BEGIN DATA TO USE
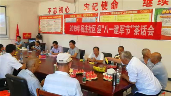 7月27日,在王一博、趙玉超同志的帶領下,辦事處全體班子成員帶領駐村干部帶著慰問品和慰問金,到各自分包社區(qū)開展走訪慰問活動,在不漏一戶、不落一人的慰問要求下,全體干部不畏酷暑,把黨和政府的關懷及時送到退役軍人家中。楊莊社區(qū)94歲的退役軍人楊計得退伍后,熱心公益事業(yè),樸實純粹、淡薄名利,慰問結束后,他緊緊拉住辦事處干部的手飽含熱淚,動情地說:感謝共產黨,感謝黨和政府的關懷,現(xiàn)在縣里發(fā)展那么好,如果再年輕十歲,我還為社區(qū)發(fā)展貢獻自己的力量。
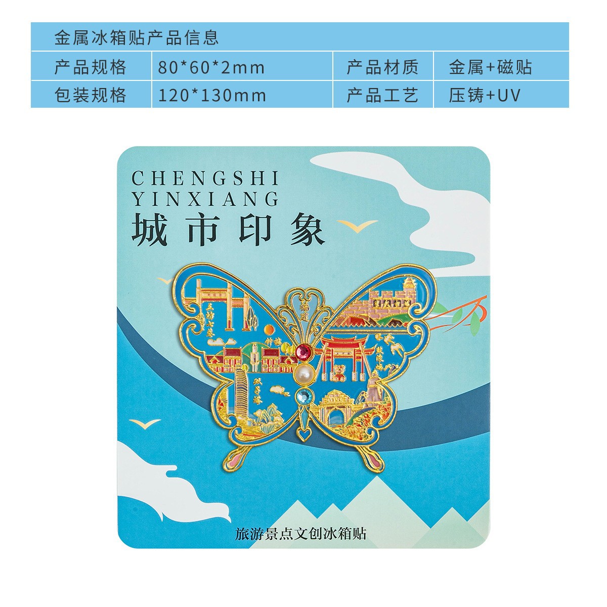 도시 여행 냉장고 스티커 시안 충칭 하얼빈 난징 나비 모양의 Guochao Wenchuang 마그네틱 스티커 재고
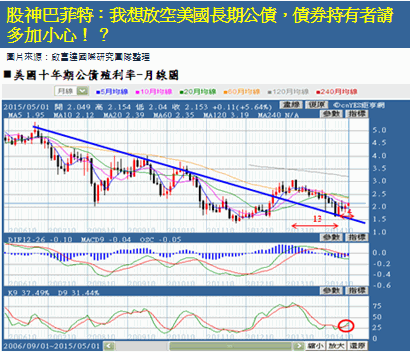 近期從十年期公債殖利率的技術面來看,月線圖顯示突破下降趨勢軌道回撤達13個月,正好臨軌道支撐往上揚升,月KD值低檔黃金交叉,呈現長多格局。週線圖則呈現中多格局,日線圖形成上升三角型,都是呈現未來十年期殖利率要走上揚的態勢,這也難怪股神巴菲特想要放空美國公債。因此,債券持有人不要因為了固定利息收益,而在債券價格蒙受一大損失,最後總報酬反而是虧損的,也千萬不要與股神對作喔!
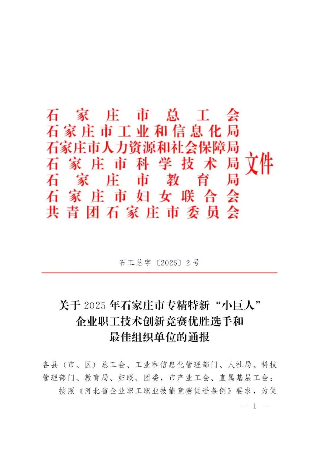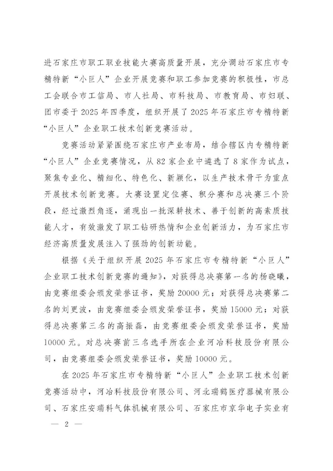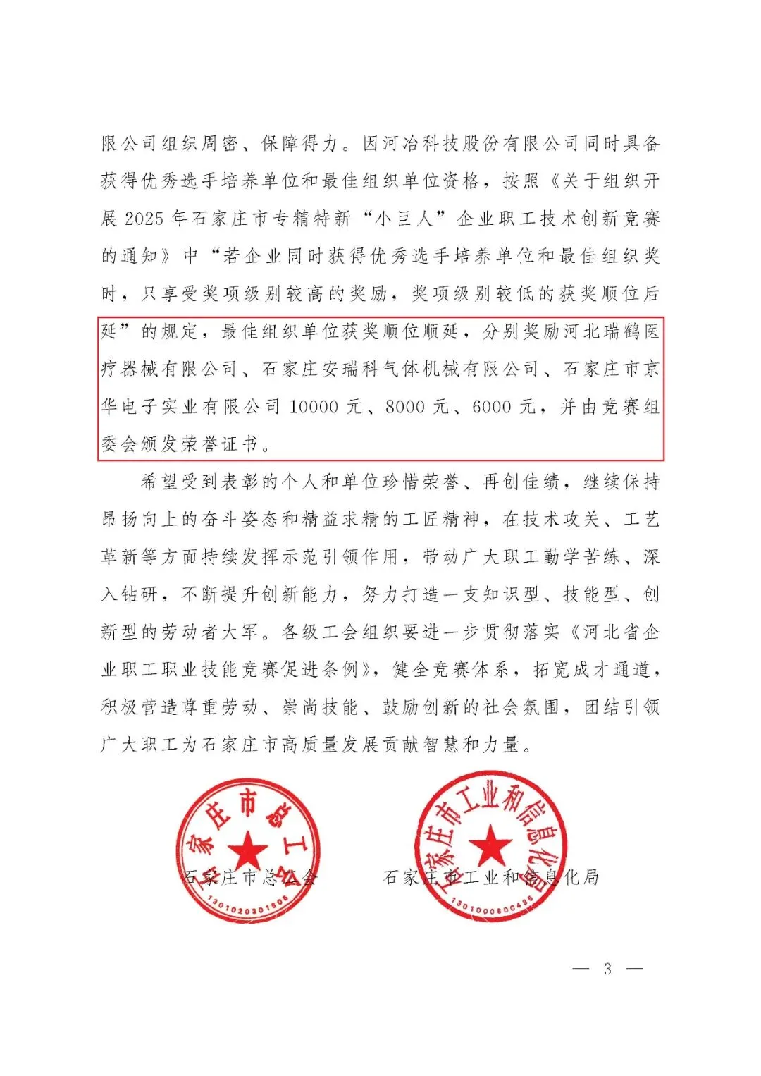 近日,《关于2025年石家庄市专精特新“小巨人”企业职工技术创新竞赛优胜选手和最佳组织单位的通报》正式发布。石家庄市京华电子实业有限公司凭借积极组织、广泛参与、扎实推进职工技术创新工作,荣获最佳组织单位。
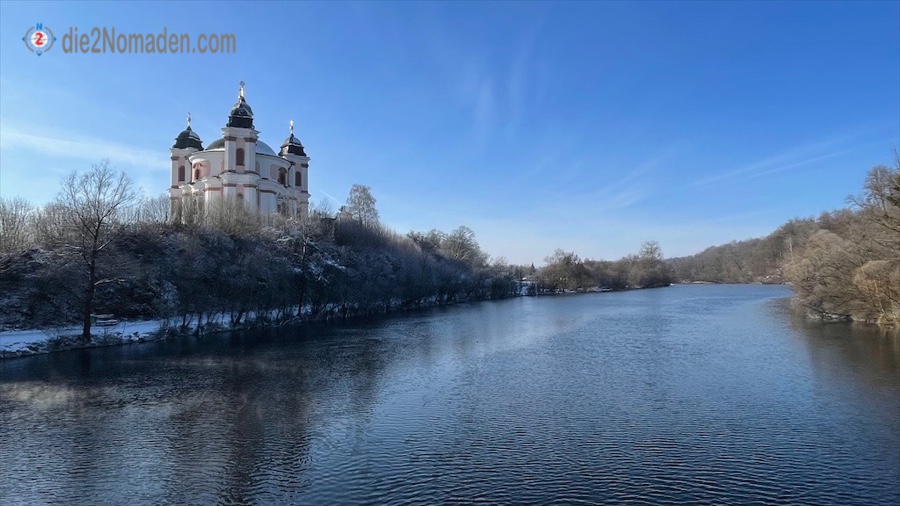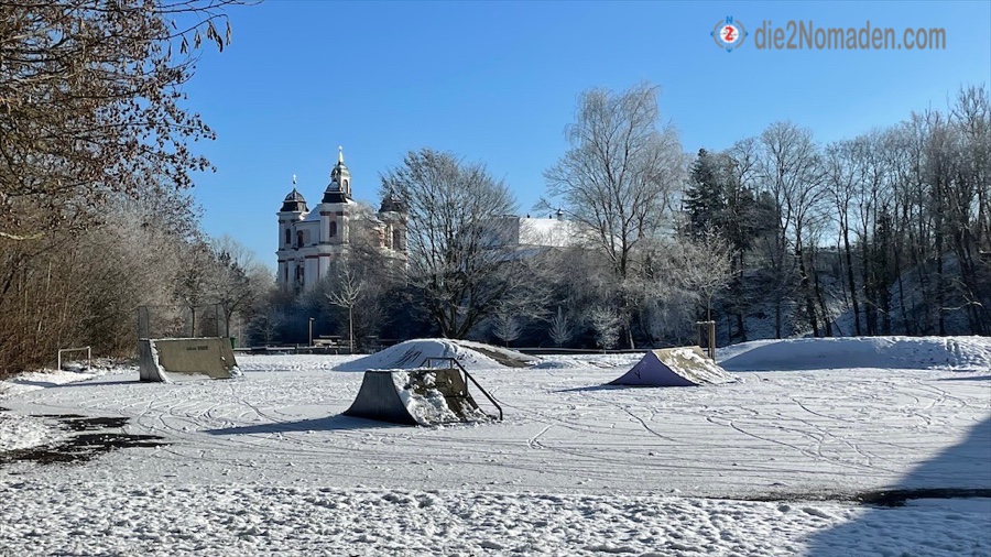 Bei km 13 sehe ich das erste Mal die Wallfahrtskirche zur Allerheiligsten Dreifaltigkeit von Stadl-Paura. Imposant steht die Kirche auf dem Paurahügel – wie ein Postkartenmotiv, so schön steht die Kirche hier in dieser Winterlandschaft. Hierbei handelt es sich auch um einen jahrtausende alten Siedlungsort mit kunsthistorischen Funden.
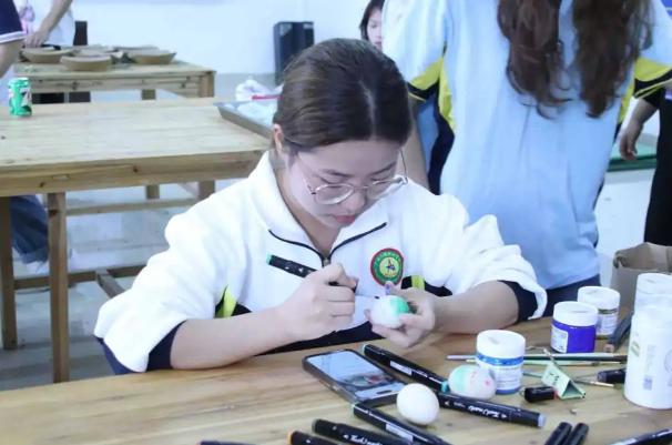 以“傳統(tǒng)+創(chuàng)意”雙主題繪制彩蛋:傳統(tǒng)主題圍繞艾草、龍舟等自然紋樣與吉祥符號(hào),融入青、紅、黃、白、黑五行色彩;創(chuàng)意主題則涵蓋Q版屈原、星空幾何等新穎元素,師生們還在彩蛋上書寫祝福語(yǔ),讓古老習(xí)俗煥發(fā)出青春活力。
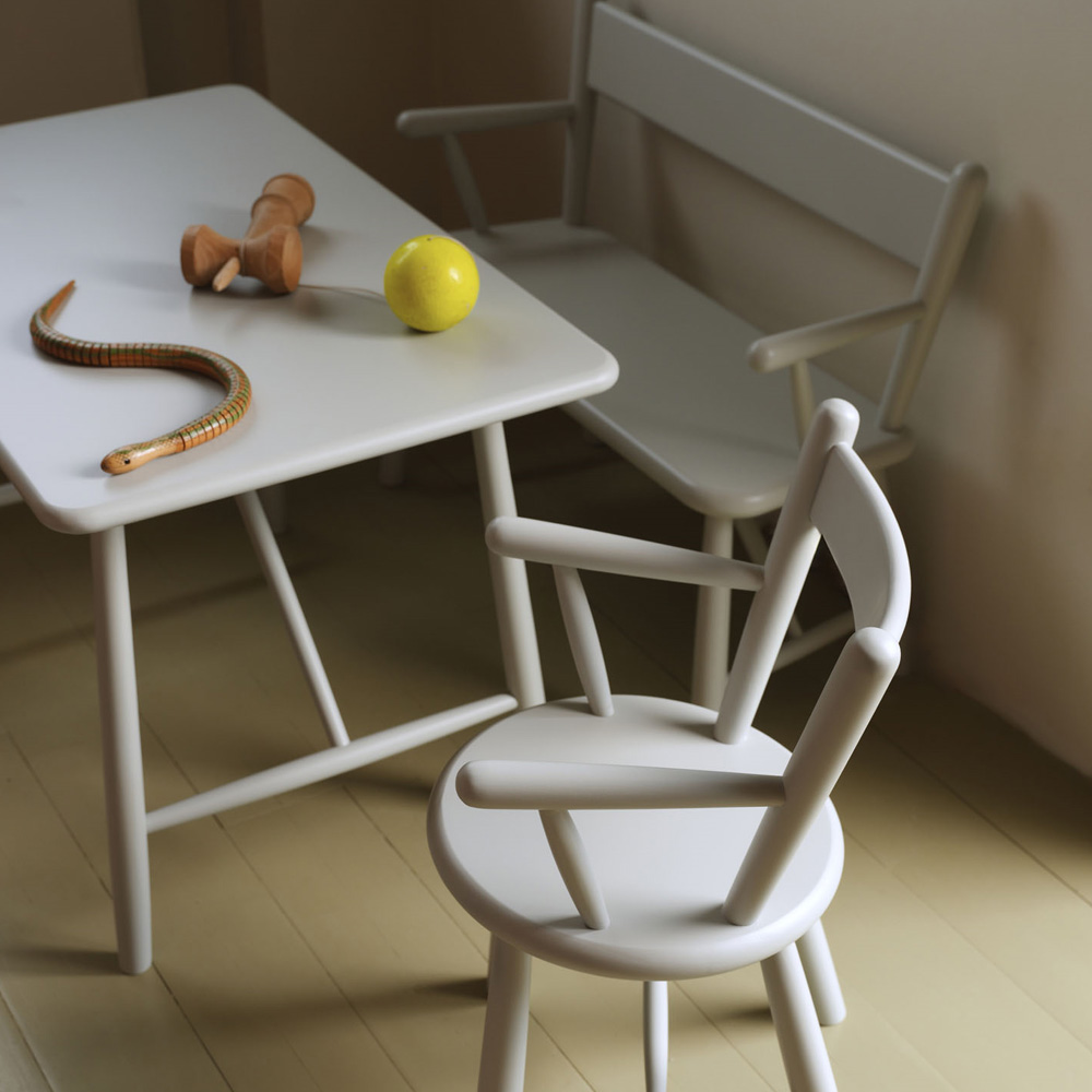Les meubles sont fabriqués en hêtre laqué et nécessitent très peu d’entretien. Ils se nettoient facilement en les essuyant simplement avec un chiffon humide.
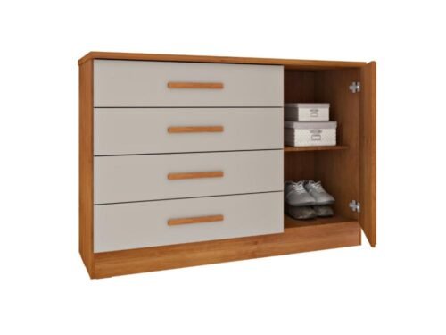 Cômoda Sapateira Barcelona 4 Gavetas 1 Porta Tcil – Cinamomo/Off White
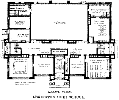 The buildings are very inadequate for the proper handling of so many students. Above the basement, the rooms not shaded by the adjoining buildings are quite well lighted and all are steam heated.
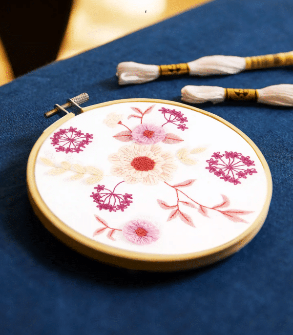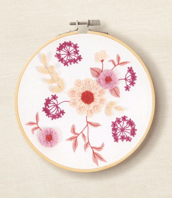 Diseñadores es una inspiración de Pascaline Latasse. Presenta delicadas margaritas y hojas en tonos rosas. Las puntadas picot y de pavo tejidas añaden un bonito efecto 3D. Es un proyecto ideal para bordadoras experimentadas y podrán apoyarse con los tutoriales que vienen en el QR de este producto.
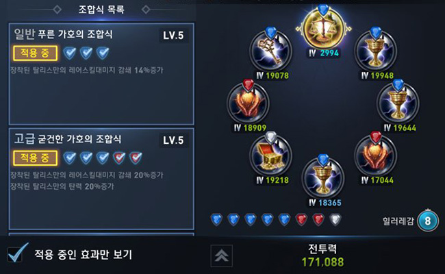 탈리스만은 레어감쇄를 높여서 원샷원킬나는 것을 방지하는 쪽에 초점을 뒀습니다. 조합은 신성한 가호의 조합식으로 레벨5까지 다 올렸으며 개별 탈리스만 옵션의 수치가 낮은지라 표기 전투력은 높게 나오지 않고 있는 상황입니다.
END DATA TO USE
# REQUIREMENT
Would you copy the lines above exactly, starting with the one that has "Bei km 13 sehe" and ending with the one that has "The buildings are", both included, without the pictures?

# REPLY TO THE EXERCISE
 Bei km 13 sehe ich das erste Mal die Wallfahrtskirche zur Allerheiligsten Dreifaltigkeit von Stadl-Paura. Imposant steht die Kirche auf dem Paurahügel – wie ein Postkartenmotiv, so schön steht die Kirche hier in dieser Winterlandschaft. Hierbei handelt es sich auch um einen jahrtausende alten Siedlungsort mit kunsthistorischen Funden.
 以“傳統(tǒng)+創(chuàng)意”雙主題繪制彩蛋:傳統(tǒng)主題圍繞艾草、龍舟等自然紋樣與吉祥符號(hào),融入青、紅、黃、白、黑五行色彩;創(chuàng)意主題則涵蓋Q版屈原、星空幾何等新穎元素,師生們還在彩蛋上書寫祝福語(yǔ),讓古老習(xí)俗煥發(fā)出青春活力。
Les meubles sont fabriqués en hêtre laqué et nécessitent très peu d’entretien. Ils se nettoient facilement en les essuyant simplement avec un chiffon humide.
 Cômoda Sapateira Barcelona 4 Gavetas 1 Porta Tcil – Cinamomo/Off White
 The buildings are very inadequate for the proper handling of so many students. Above the basement, the rooms not shaded by the adjoining buildings are quite well lighted and all are steam heated.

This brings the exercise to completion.